(Information supplied)
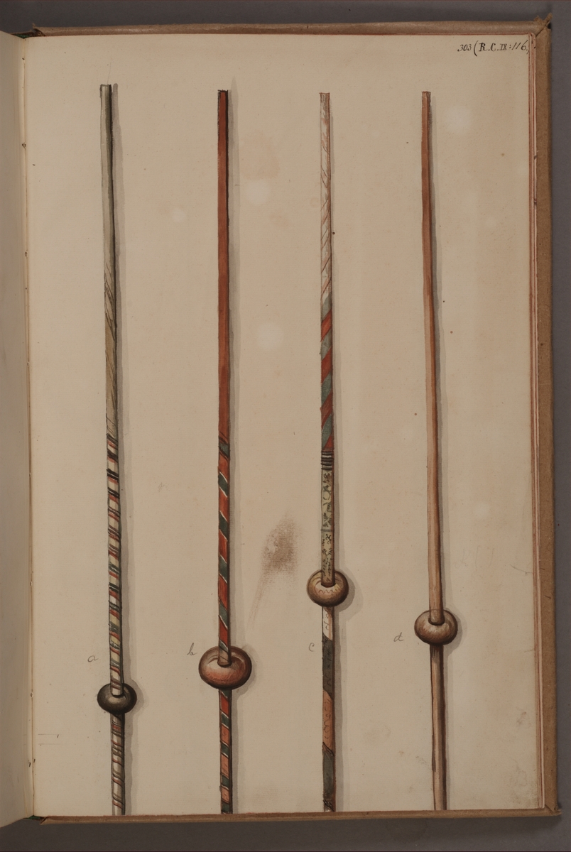 Avbildning i gouache föreställande fanstänger tagna som troféer av svenska armén. Stången näst längst till höger i bild finns bevarad i Armémuseums samling, för mer information, se relaterade objekt.
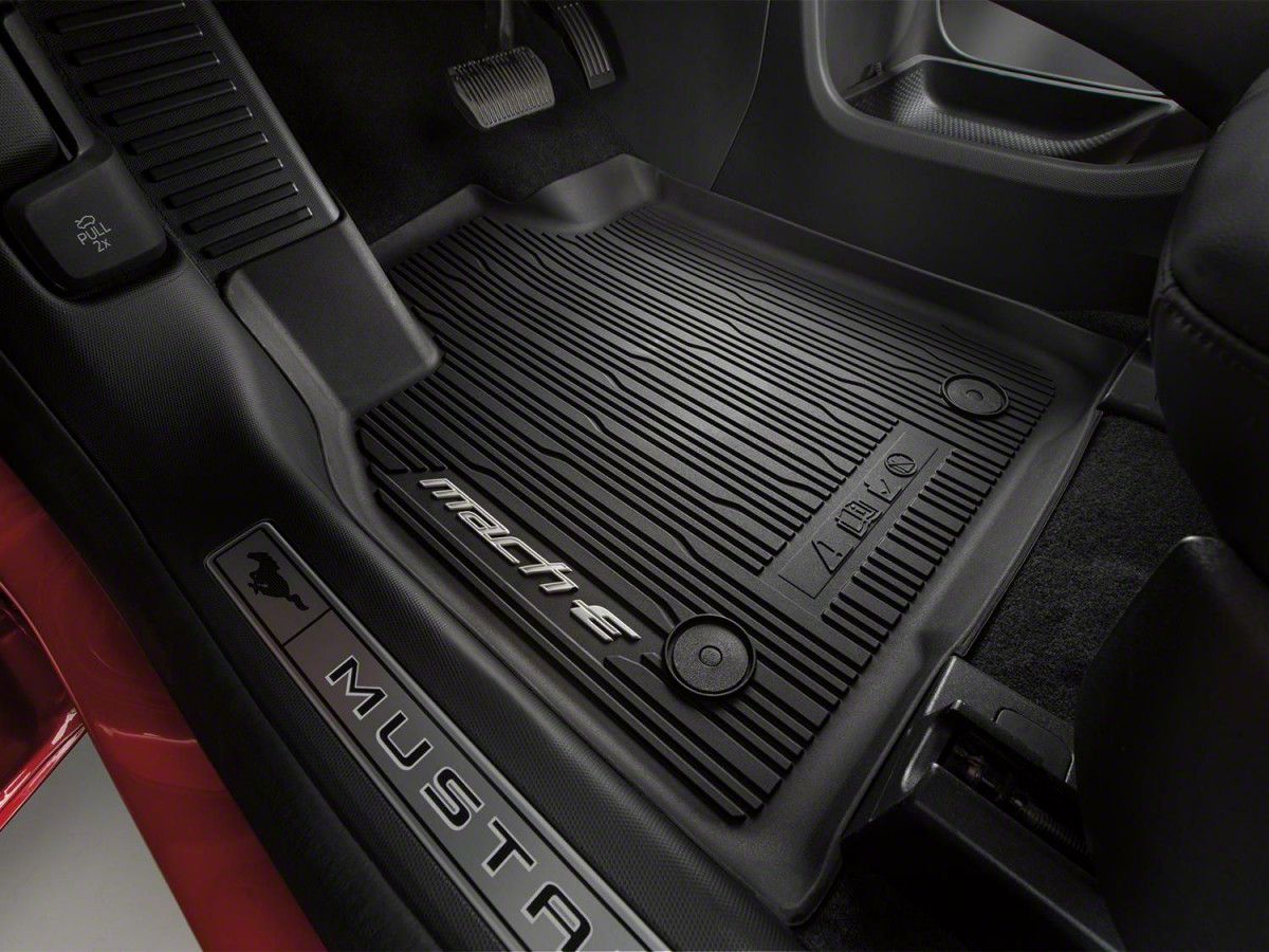 Application. The Ford All-Weather Front and Rear Floor Mats are manufactured to accurately fit 2021-2025 Mustang Mach-Es.
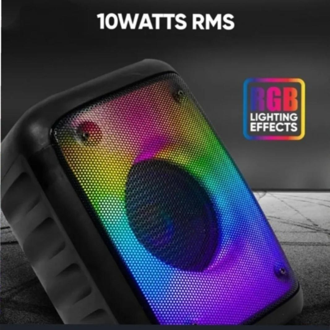 این اسپیکر به صورت ایستاده و به همراه یک دستگیره جهت حمل راحت و آسان طراحی شده که در تفریحات و دور همی های خود با صدای فوق العاده شفاف ، باس عمیق استریو 360 درجه همراه با رقص نور RGB چند رنگ با ریتم و ضرب موزیک جلوه خاصی را به فضا و مهمانی های شما خواهد
(End Information supplied)
• [Task to complete]: Please make an exact copy of the whole listing and leave out its pictures.

• [Problem solution]:
 Avbildning i gouache föreställande fanstänger tagna som troféer av svenska armén. Stången näst längst till höger i bild finns bevarad i Armémuseums samling, för mer information, se relaterade objekt.
 Application. The Ford All-Weather Front and Rear Floor Mats are manufactured to accurately fit 2021-2025 Mustang Mach-Es.
 این اسپیکر به صورت ایستاده و به همراه یک دستگیره جهت حمل راحت و آسان طراحی شده که در تفریحات و دور همی های خود با صدای فوق العاده شفاف ، باس عمیق استریو 360 درجه همراه با رقص نور RGB چند رنگ با ریتم و ضرب موزیک جلوه خاصی را به فضا و مهمانی های شما خواهد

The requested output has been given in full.